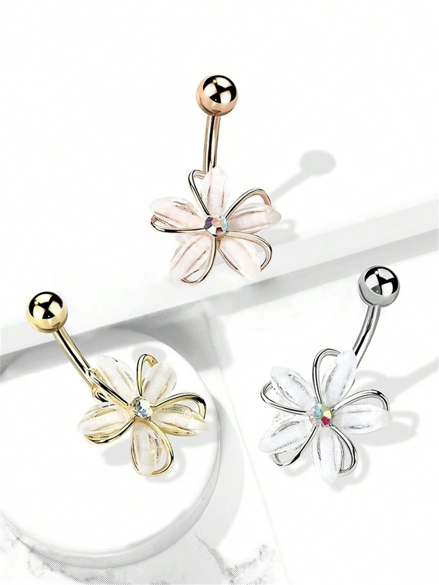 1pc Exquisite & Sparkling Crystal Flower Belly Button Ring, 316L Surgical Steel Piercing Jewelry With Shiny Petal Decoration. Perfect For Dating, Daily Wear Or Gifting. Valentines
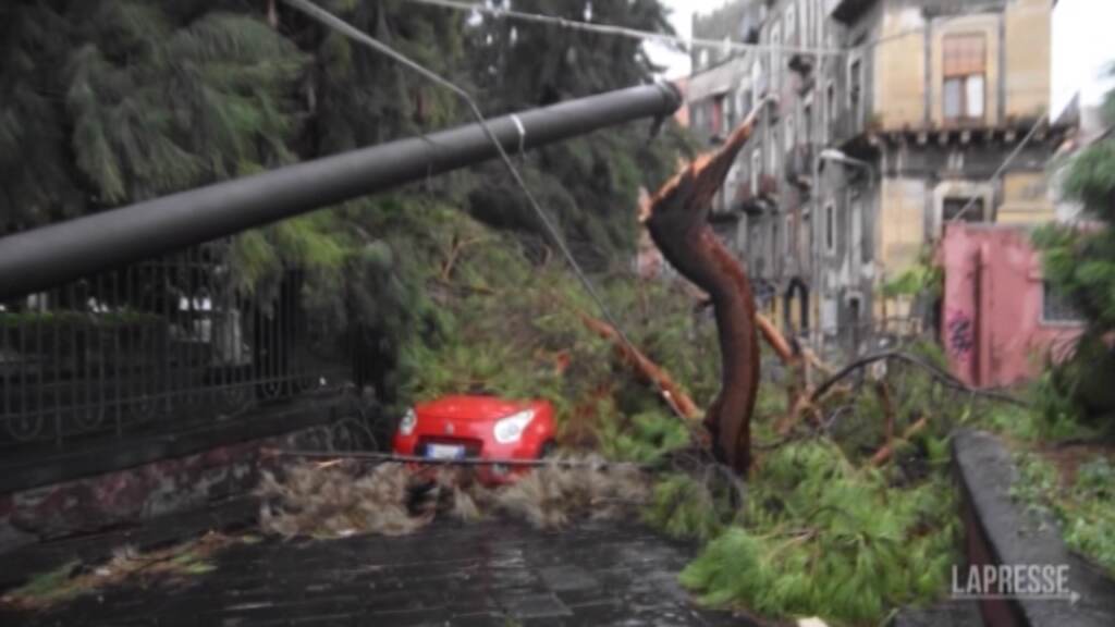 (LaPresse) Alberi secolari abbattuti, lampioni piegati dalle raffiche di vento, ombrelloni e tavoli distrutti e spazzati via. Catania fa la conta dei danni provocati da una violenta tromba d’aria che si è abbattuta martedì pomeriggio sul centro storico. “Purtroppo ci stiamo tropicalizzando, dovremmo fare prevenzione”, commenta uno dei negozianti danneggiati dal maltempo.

★ ★ ★ ★

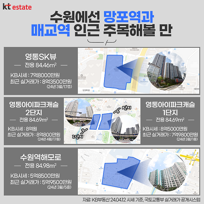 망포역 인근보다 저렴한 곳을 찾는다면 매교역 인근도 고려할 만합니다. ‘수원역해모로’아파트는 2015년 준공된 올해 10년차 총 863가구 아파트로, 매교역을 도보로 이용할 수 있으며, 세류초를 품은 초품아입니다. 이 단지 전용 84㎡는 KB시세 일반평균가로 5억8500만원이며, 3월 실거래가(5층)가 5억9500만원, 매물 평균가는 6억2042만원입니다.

★ ★ ★ ★

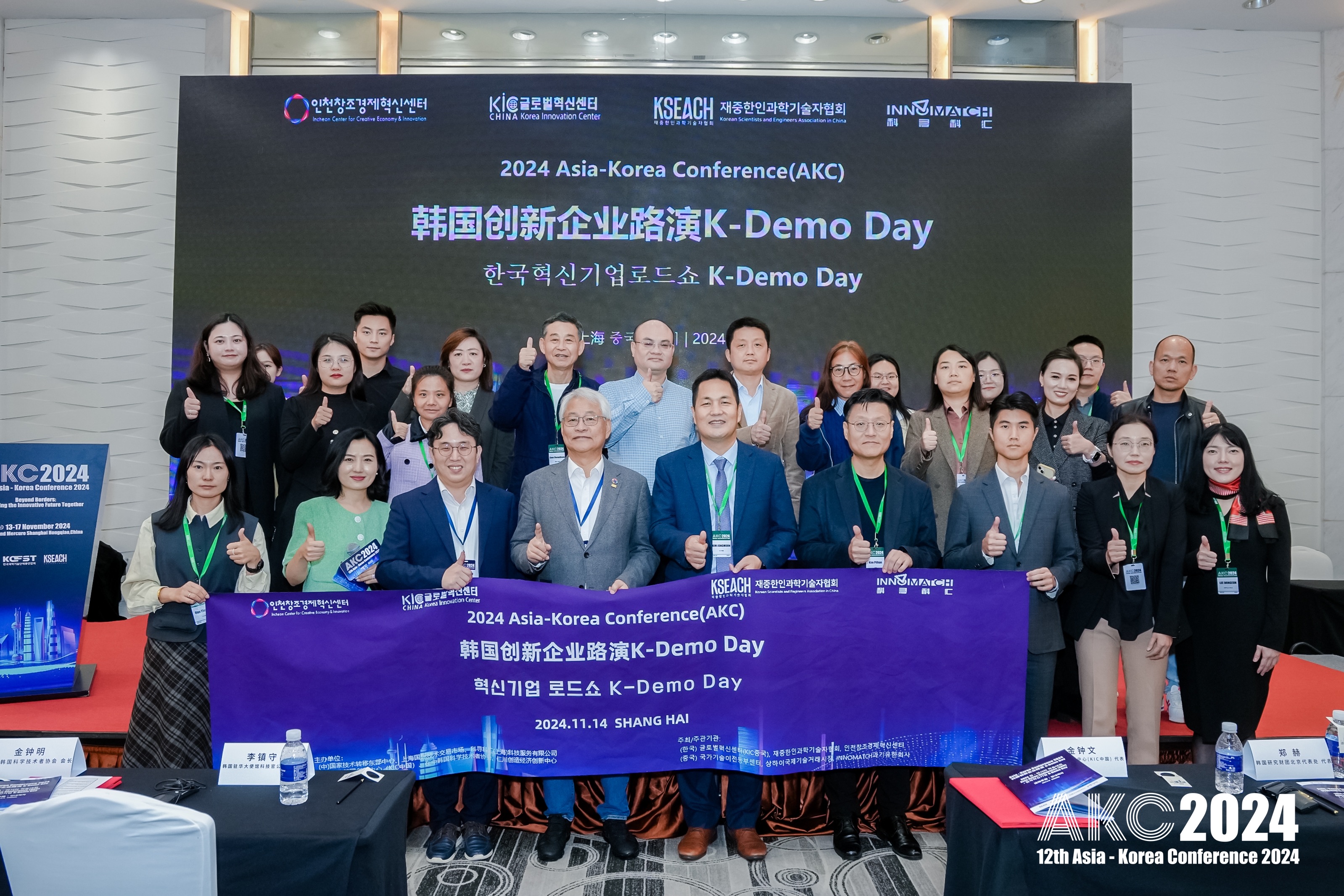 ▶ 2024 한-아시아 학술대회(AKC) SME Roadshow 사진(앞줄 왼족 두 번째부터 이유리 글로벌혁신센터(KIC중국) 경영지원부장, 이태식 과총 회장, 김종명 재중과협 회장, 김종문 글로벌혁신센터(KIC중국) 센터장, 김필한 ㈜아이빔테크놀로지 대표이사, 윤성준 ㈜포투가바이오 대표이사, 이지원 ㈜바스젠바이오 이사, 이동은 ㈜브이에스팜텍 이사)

★ ★ ★ ★

:: Problem statement ::
Look above for the line with "1pc Exquisite &", then print it and each line after it down to and including the line with "(LaPresse) Alberi secolari". Leave out the pictures and keep the wording exact.

:: Exercise answer ::
 1pc Exquisite & Sparkling Crystal Flower Belly Button Ring, 316L Surgical Steel Piercing Jewelry With Shiny Petal Decoration. Perfect For Dating, Daily Wear Or Gifting. Valentines
 (LaPresse) Alberi secolari abbattuti, lampioni piegati dalle raffiche di vento, ombrelloni e tavoli distrutti e spazzati via. Catania fa la conta dei danni provocati da una violenta tromba d’aria che si è abbattuta martedì pomeriggio sul centro storico. “Purtroppo ci stiamo tropicalizzando, dovremmo fare prevenzione”, commenta uno dei negozianti danneggiati dal maltempo.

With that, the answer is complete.